I plan to use it that many times or more this year.
WOW what a great unit. I have read many posts and plan to add more.
Thanks,
Buckslayer
Warren,
Michigan


----------



## old_tidefan (Nov 23, 2005)

Congrats on the new Outback and welcome







We had a 25rss and really liked it.


----------



## H2oSprayer (Aug 5, 2006)

Congrats on the new to you purchase. Have you had a chance to see this thread --> Michigan Outbackers Rally? Join us if you can!!


----------



## skippershe (May 22, 2006)

Hi Buckslayer
















Outbackers! 

Enjoy and Happy Camping!


----------



## Oregon_Camper (Sep 13, 2004)

Welcome...Welcome...Welcome.

Glad you found us.









Congrats on the new Outback. You're going to LOVE it.


----------



## mswalt (Sep 14, 2004)

Glad to have you with us.

Enjoy.

Mark


----------



## RizFam (Feb 25, 2006)

Tami


----------



## Paul and Amy (Jul 8, 2007)

W E L C O M E to the G A N G!


----------



## Doxie-Doglover-Too (Jan 25, 2007)




----------



## tomlholmes (Jul 3, 2007)

WELCOME *WELCOME* *WELCOME*

I hope you find this forum as friendly and helpful as I do. It's great fun too! We look forward to hearing about your camping experiences!

*HEIDI*


----------



## pjb2cool (Apr 8, 2004)

Gunsmokesetters said:


> WELCOME *WELCOME* *WELCOME*
> 
> I hope you find this forum as friendly and helpful as I do.
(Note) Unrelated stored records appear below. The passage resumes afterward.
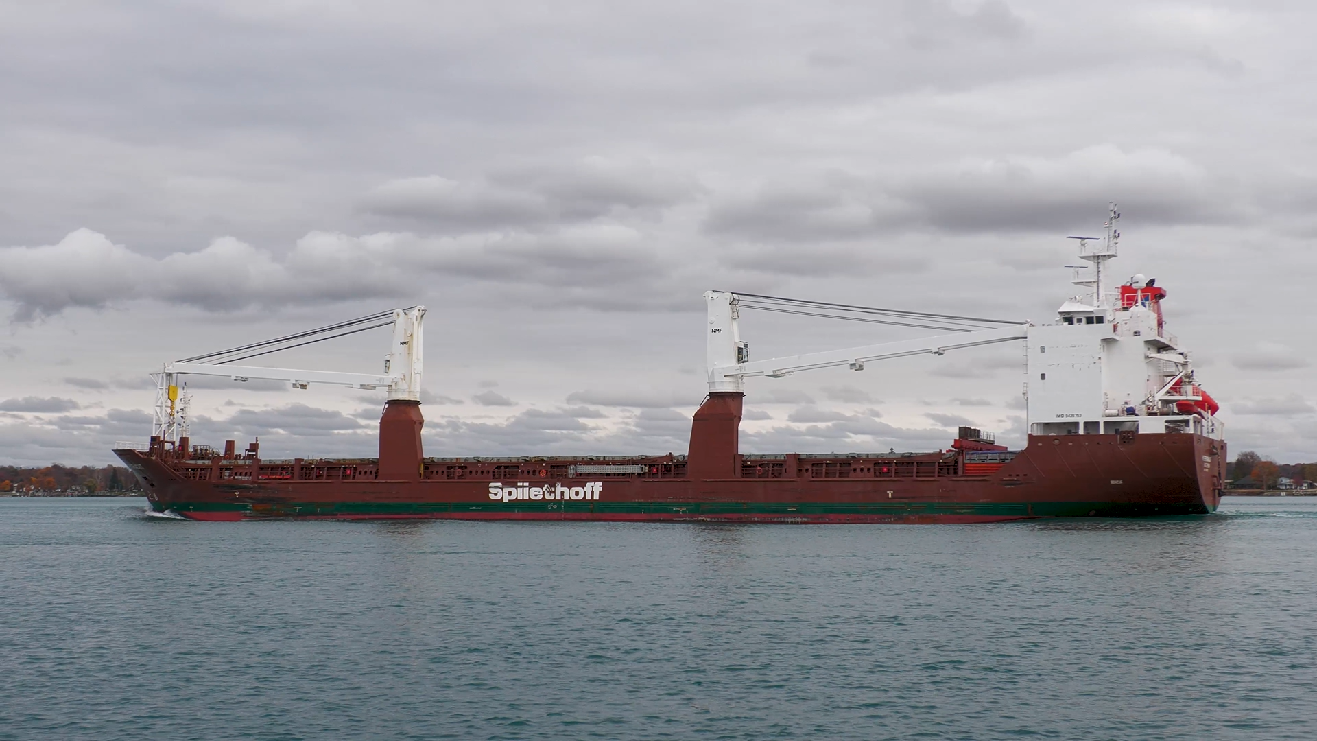 Dutch heavy lift cargo ship Heerengracht (Spliethoff) stands out with her huge deck cranes, as she heads up the St. Clair River on a Great Lakes voyage to Duluth, Minnesota. This 4k video was recorded in St. Clair, Michigan, November 08, 2025.
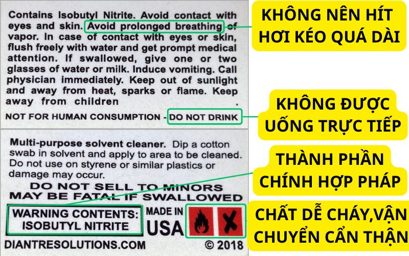 Poppers Mỹ chứa thành phần chính là Isobutyl Nitrite, hợp chất nổi tiếng với tính bay hơi cực mạnh và nhạy cảm với môi trường. Đây là lý do poppers dễ xuống cấp nếu bảo quản sai cách.
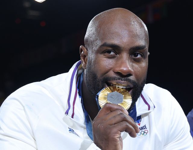 금메달 들고 포즈 취하는 리네르 (파리=연합뉴스) 김도훈 기자 = 2일(현지시간) 프랑스 파리 아레나 샹드마르스에서 열린 2024 파리올림픽 유도 남자 100kg 이상급 시상식에서 금메달을 획득한 테디 리네르가 메달을 들고 포즈를 취하고 있다.
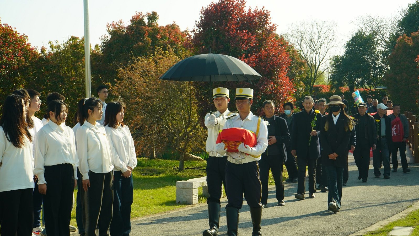 随后,师生们怀着崇敬的心情与施汉泉烈士的晚辈们共同参加施汉泉烈士“回家”仪式。1948年施汉泉烈士所在部队奉命为淮海战役大部队南下扫除外围障碍,他在后梁庄战斗中不幸牺牲,时年19岁,一直是“无名烈士”,时隔75年,后辈将其找回,并与故去的家人团聚。仪式后,B产品201班晏子懿同学表示:参加此次烈士“回家”活动,心灵受到震撼,思想受到触动,我们这一代青年生逢其时,定会不懈奋斗,在实践中践行青春担当。
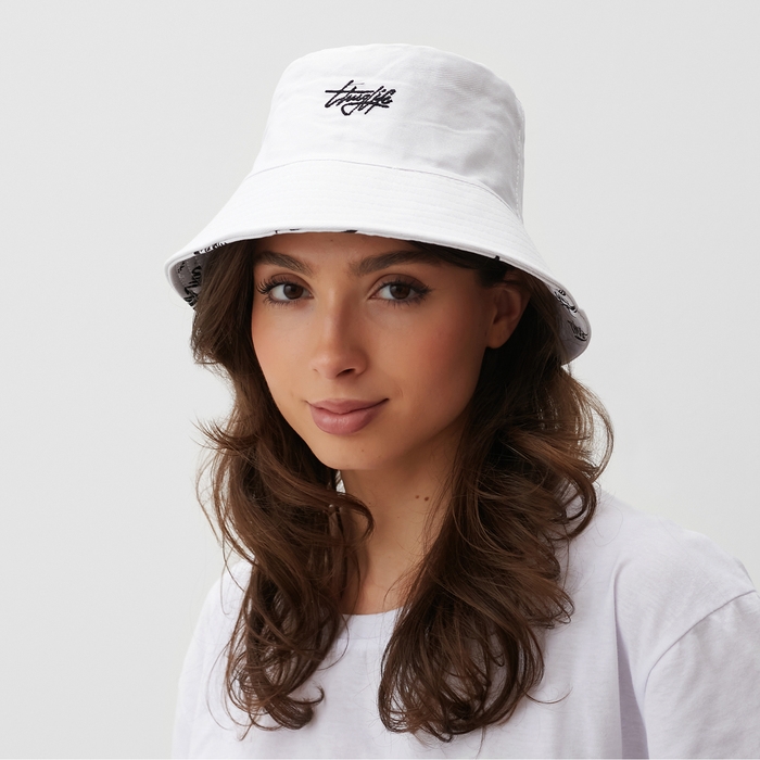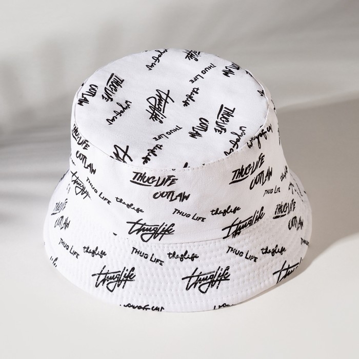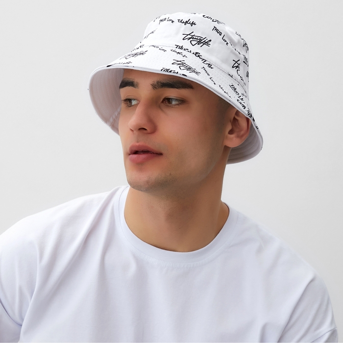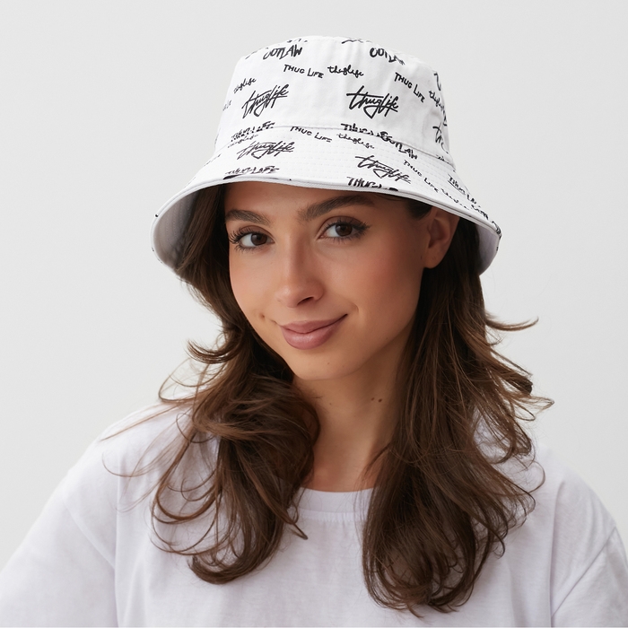 Панама двусторонняя MINAKU с надписями, цвет белый, размер 58
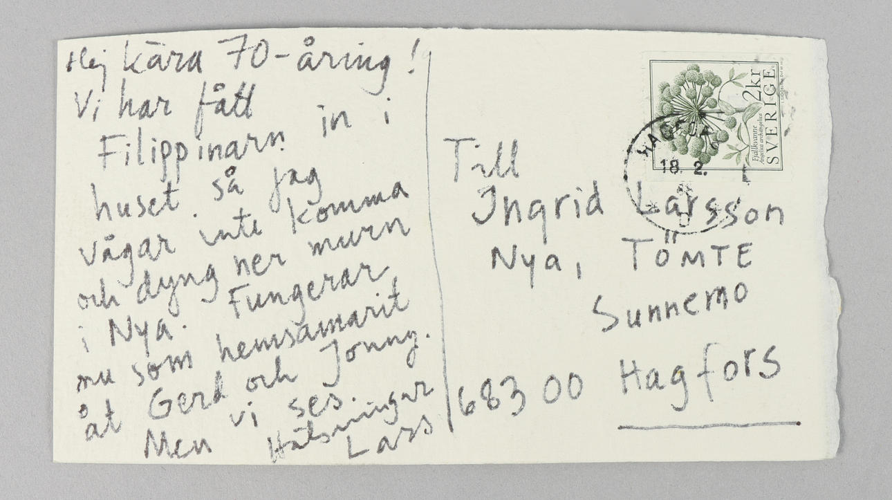 “Hello dear 70-year-old! We've got Filipinarn into the house so I don't dare come and hang down the wall in Nya. Now serving as a home samaritan for Gerd and Jinny, but see you. Greetings Lars”
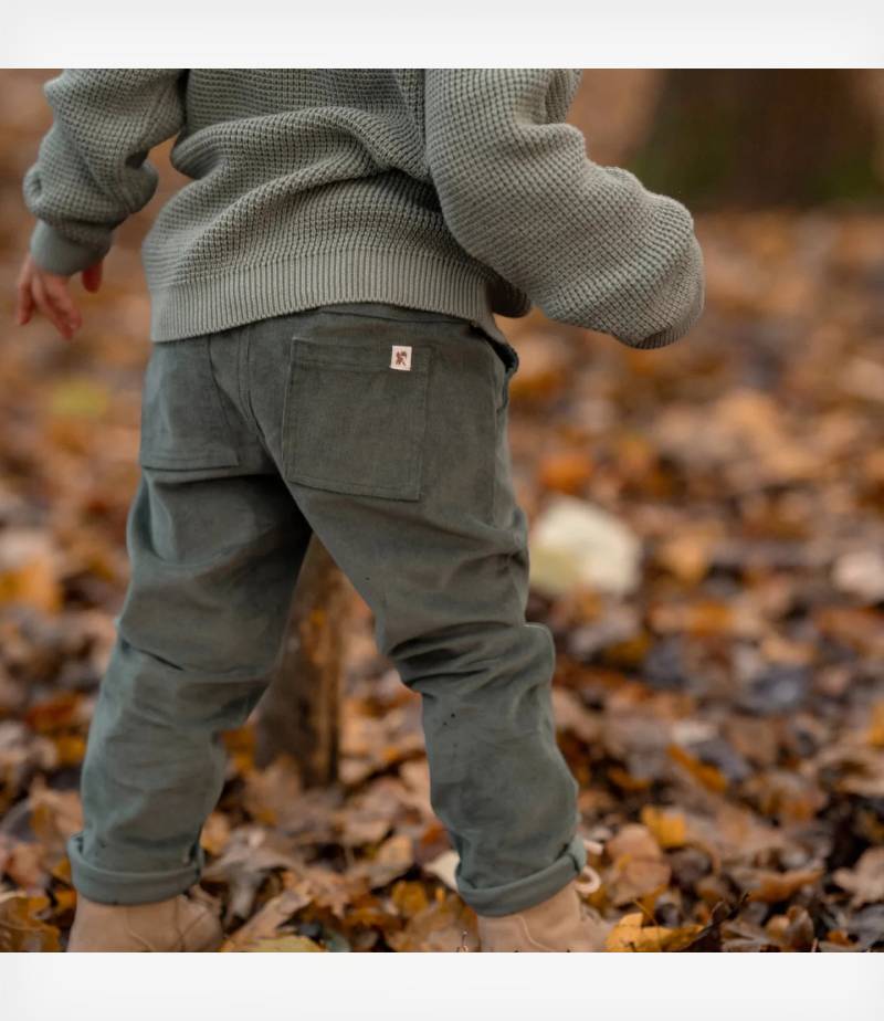 Ανακαλύψτε το απόλυτο παντελόνι από πράσινο κοτλέ ύφασμα, απαλό, ζεστό και ιδανικό για όλες τις περιπέτειες του μικρού σας!

It's great fun too! We look forward to hearing about your camping experiences!
> 
> *HEIDI*


X2 PLUS if you can take pictures camping, then share them with us


----------



## hpapa4 (Apr 11, 2007)

Welcome! Glad to have you on board. Enjoy the Outback.


----------



## Herkdoctor (Dec 27, 2006)

Welcome to the family!! You're going to love it here!! 
















Scott & Michelle


----------



## willie226 (Apr 4, 2006)

Buckslayer
Welcome to the Outback family!!

willie


----------



## phaucker (Jul 23, 2007)

Welcome to the group!


----------



## Sayonara (Jul 23, 2007)

WELCOME fellow michigander !! Enjoy your trailer and the site! This place is a great place for suggestions and experience from a wonderfull group of people.

Travel safe !!
DT (Milford, MI)


----------



## gaoutback (Feb 11, 2007)

Welcome to the site and congrats on the new camper!


----------